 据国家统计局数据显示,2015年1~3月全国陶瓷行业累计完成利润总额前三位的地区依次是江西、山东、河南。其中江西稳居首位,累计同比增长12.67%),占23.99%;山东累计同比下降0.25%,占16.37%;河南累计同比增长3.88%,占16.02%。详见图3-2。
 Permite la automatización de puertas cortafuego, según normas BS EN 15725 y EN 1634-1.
==
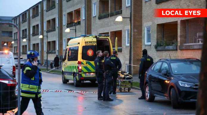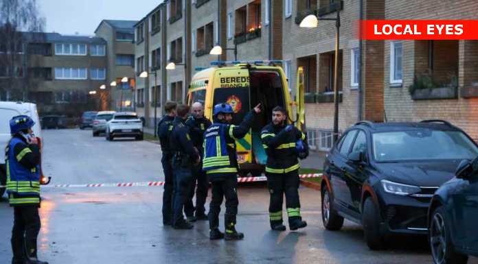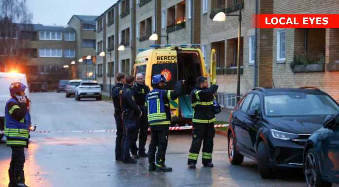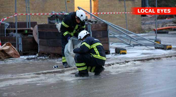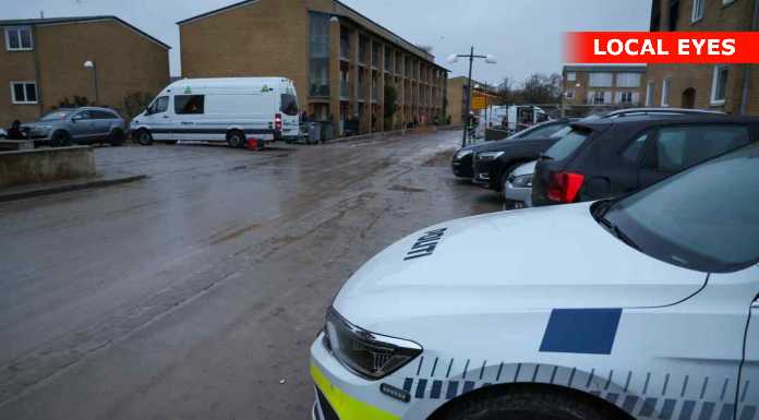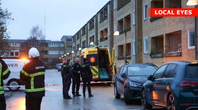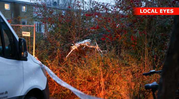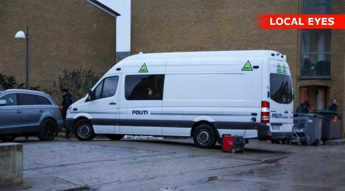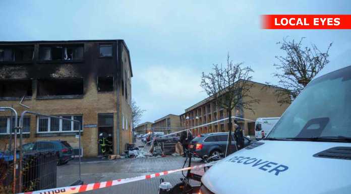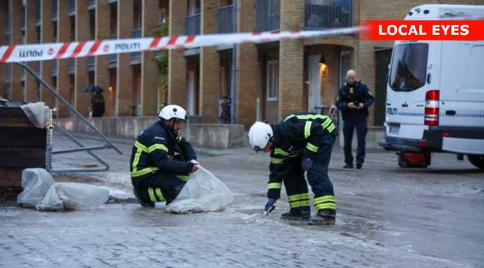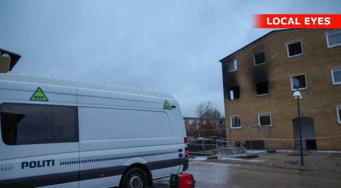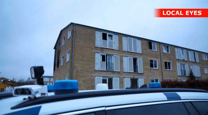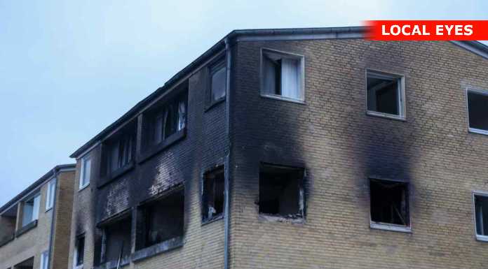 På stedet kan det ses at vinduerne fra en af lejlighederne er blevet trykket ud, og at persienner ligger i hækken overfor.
...
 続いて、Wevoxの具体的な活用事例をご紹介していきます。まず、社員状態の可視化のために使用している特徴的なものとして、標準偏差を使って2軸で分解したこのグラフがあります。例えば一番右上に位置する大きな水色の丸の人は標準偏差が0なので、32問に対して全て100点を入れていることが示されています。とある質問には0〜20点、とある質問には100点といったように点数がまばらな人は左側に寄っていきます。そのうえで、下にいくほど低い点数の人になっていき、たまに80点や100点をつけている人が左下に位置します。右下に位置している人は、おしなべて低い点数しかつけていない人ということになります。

INSTRUCTIONS FOR THE TASK ▸
Once you reach the line with "据国家统计局数据显示,201" in the data above, copy it and every line after it exactly, up to and including the line with "Permite la automatización".

RESPONSE ▸
 据国家统计局数据显示,2015年1~3月全国陶瓷行业累计完成利润总额前三位的地区依次是江西、山东、河南。其中江西稳居首位,累计同比增长12.67%),占23.99%;山东累计同比下降0.25%,占16.37%;河南累计同比增长3.88%,占16.02%。详见图3-2。
 Permite la automatización de puertas cortafuego, según normas BS EN 15725 y EN 1634-1.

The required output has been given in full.